╔══

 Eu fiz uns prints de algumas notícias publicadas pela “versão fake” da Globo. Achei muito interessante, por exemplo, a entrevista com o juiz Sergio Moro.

╚══
╔══

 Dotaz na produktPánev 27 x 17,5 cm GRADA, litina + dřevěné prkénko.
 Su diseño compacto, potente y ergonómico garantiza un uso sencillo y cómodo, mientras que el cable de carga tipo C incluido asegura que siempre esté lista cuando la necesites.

╚══

Requirement
Give again, word for word, every line of the listing above from the one with "Dotaz na produktPánev" to the one with "Su diseño compacto, potente", both inclusive, and nothing beyond them.

Answer to the exercise
 Dotaz na produktPánev 27 x 17,5 cm GRADA, litina + dřevěné prkénko.
 Su diseño compacto, potente y ergonómico garantiza un uso sencillo y cómodo, mientras que el cable de carga tipo C incluido asegura que siempre esté lista cuando la necesites.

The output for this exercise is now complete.